The RTX 3060 12GB is one of the most popular GPUs for local LLM inference. Its 12GB VRAM is enough to run 14B parameter models with Q4 quantization, which makes it a sweet spot for budget-conscious users who want to run larger models locally.

RTX 3060 12GB Benchmark Results

From Hardware Corner’s GPU benchmarks (llama.cpp, Ubuntu 24.04, CUDA 12.8, Q4_K_XL quantization, 16K context):

Model Size Tokens/sec (16K context) Tokens/sec (32K context)
8B (Qwen3 8B) 42.0 31.9
14B (Qwen3 14B) 22.7

From geerlingguy’s ai-benchmarks (llama.cpp, RTX 3060 12GB, Vulkan backend, Q4_K_M):

Model Tokens/sec (tg128)
Llama-2 7B Q4_K_M 60.2
Llama-2 13B Q4_K_M 32.8
DeepSeek-R1-Distill-Qwen-14B Q4_K_M 29.4

Note: geerlingguy’s benchmarks use the Vulkan backend rather than CUDA, and test token generation at 128 tokens. The Hardware Corner benchmarks use CUDA 12.8 at 16K context. Both are real measured results but test conditions differ, which explains the variation. A 14B Q4 model uses approximately 8GB of the 12GB VRAM, leaving room for KV cache and context.

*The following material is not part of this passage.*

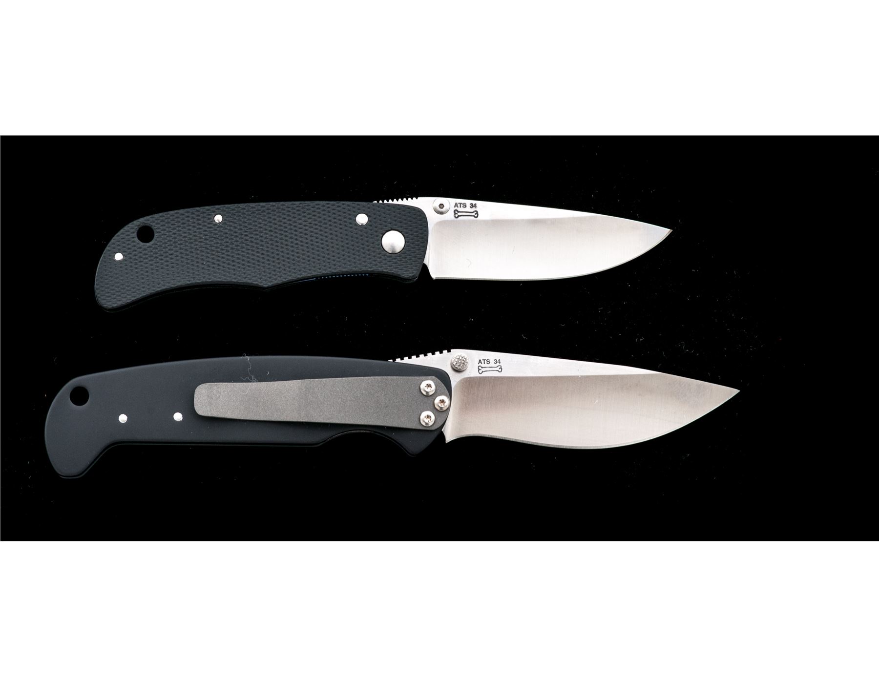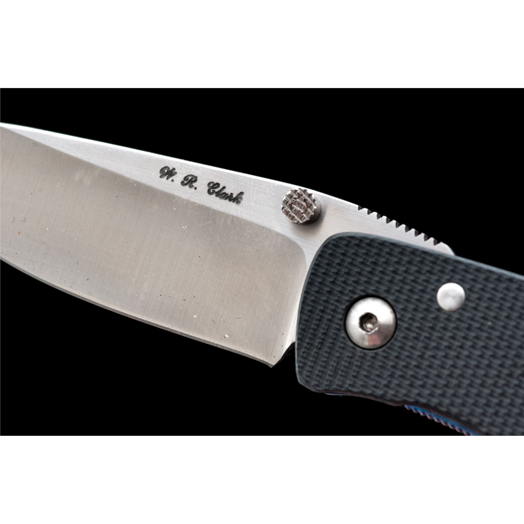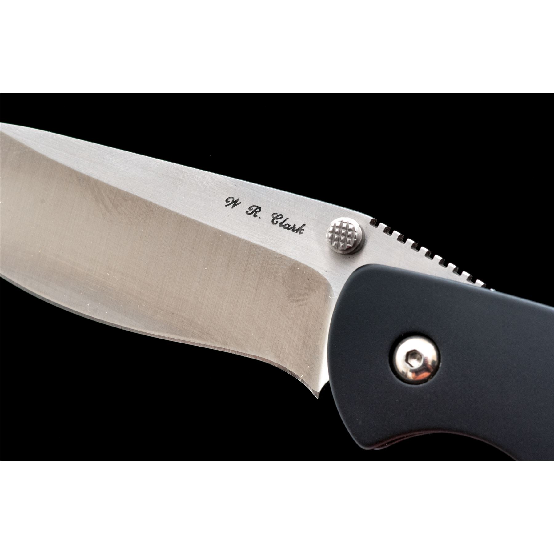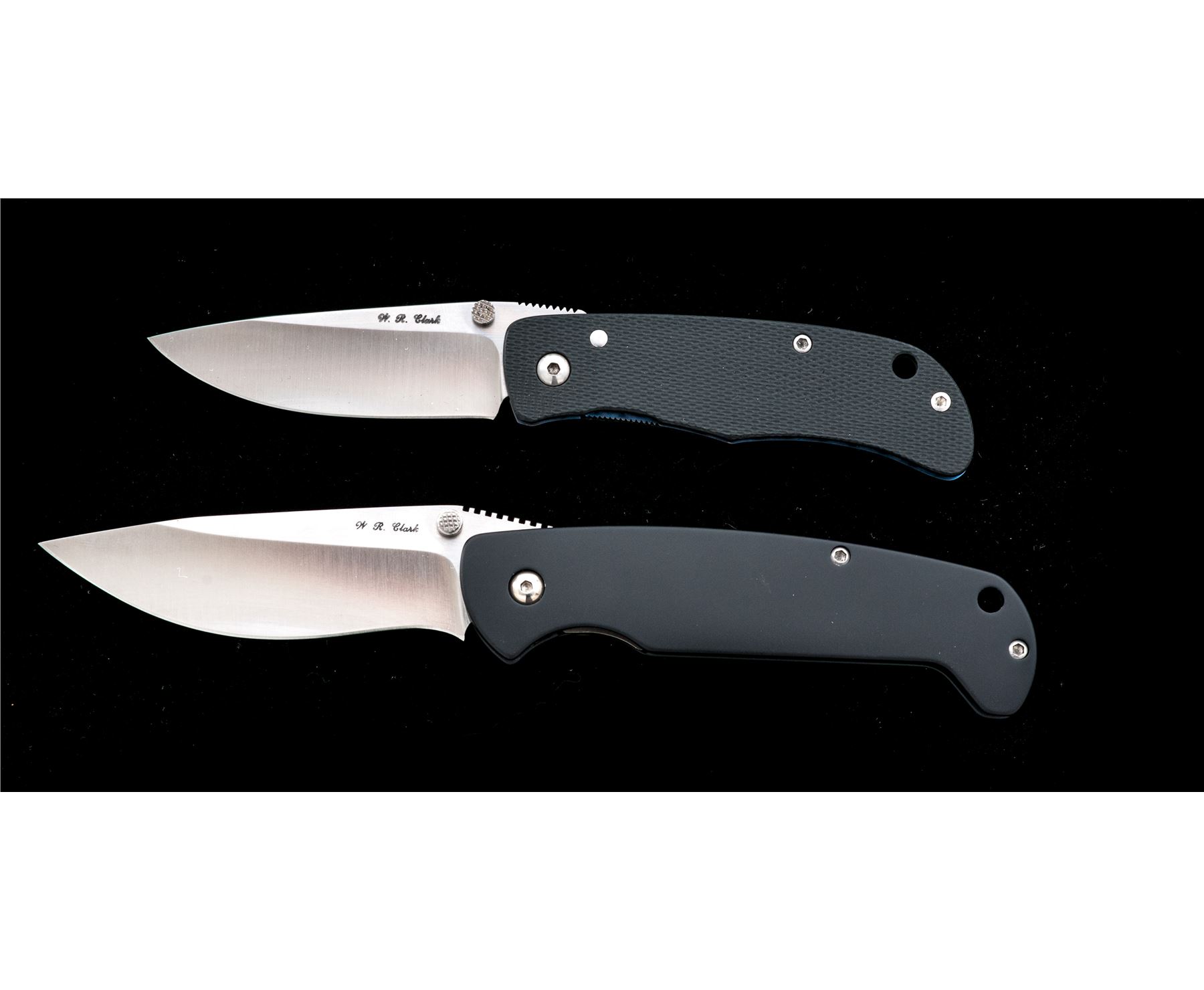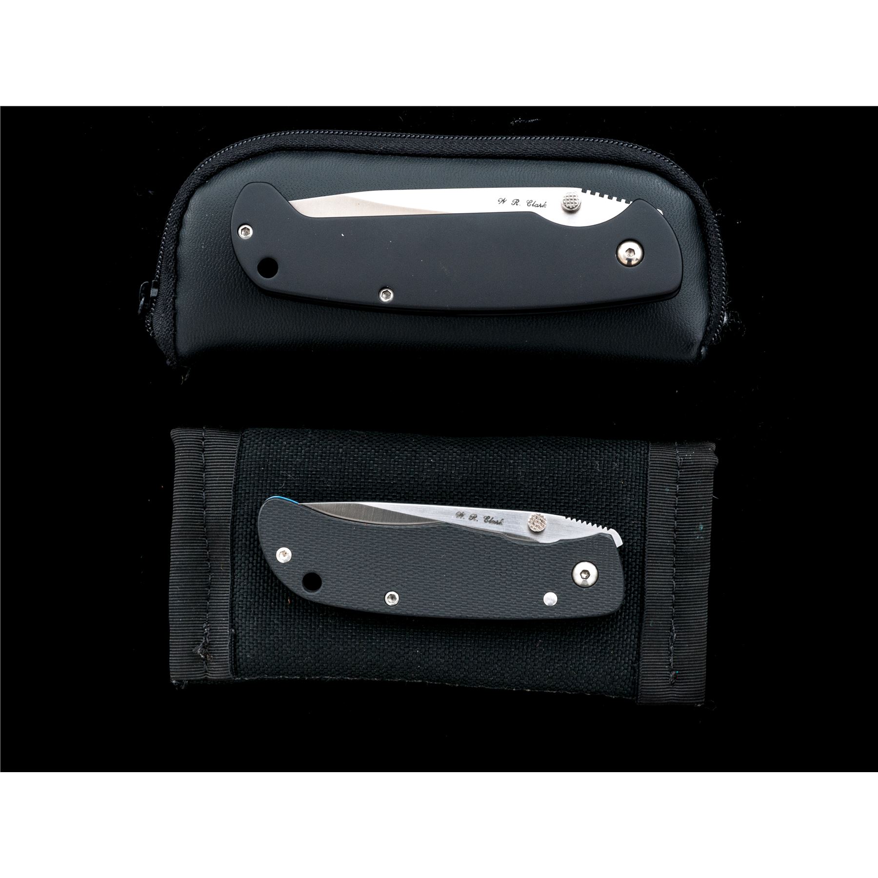 Lot of Two (2) W.R. Clark Custom Linerlock Folding Knives: 1.) 3'' satin finished ATS-34 drop-point blade, 4'' overall closed length, black aluminum frame, with carry clip. Top of blade behind the thumb stud is notched for thumb traction. Left side of blade is marked ''W.R. Clark''; right side with ''Bone'' logo. In excellent as new condition, never carried or sharpened. Knife comes in a small padded case. 2.) 2.5'' satin finished ATS-34 drop-point blade, 3.25'' overall closed length, black G-10 frame, purple anodized liner. Top of blade behind the thumb stud is notched for thumb traction. Left side of blade is marked ''W.R. Clark''; right side with ''Bone'' logo. In excellent as new condition, never carried or sharpened. Knife comes in a small padded case. Est.: $250-$400/lot.

llama.cpp vs Ollama on NVIDIA GPUs

Ollama wraps llama.cpp with a Go-based API layer and model management. According to InsiderLLM’s benchmarks, llama.cpp is approximately 3-10% faster than Ollama for single-user inference on NVIDIA GPUs. The overhead comes from Ollama’s server layer.

For most users, Ollama’s convenience is worth the small speed penalty. If you want every last token per second, use llama.cpp directly with full GPU offloading (-ngl 99).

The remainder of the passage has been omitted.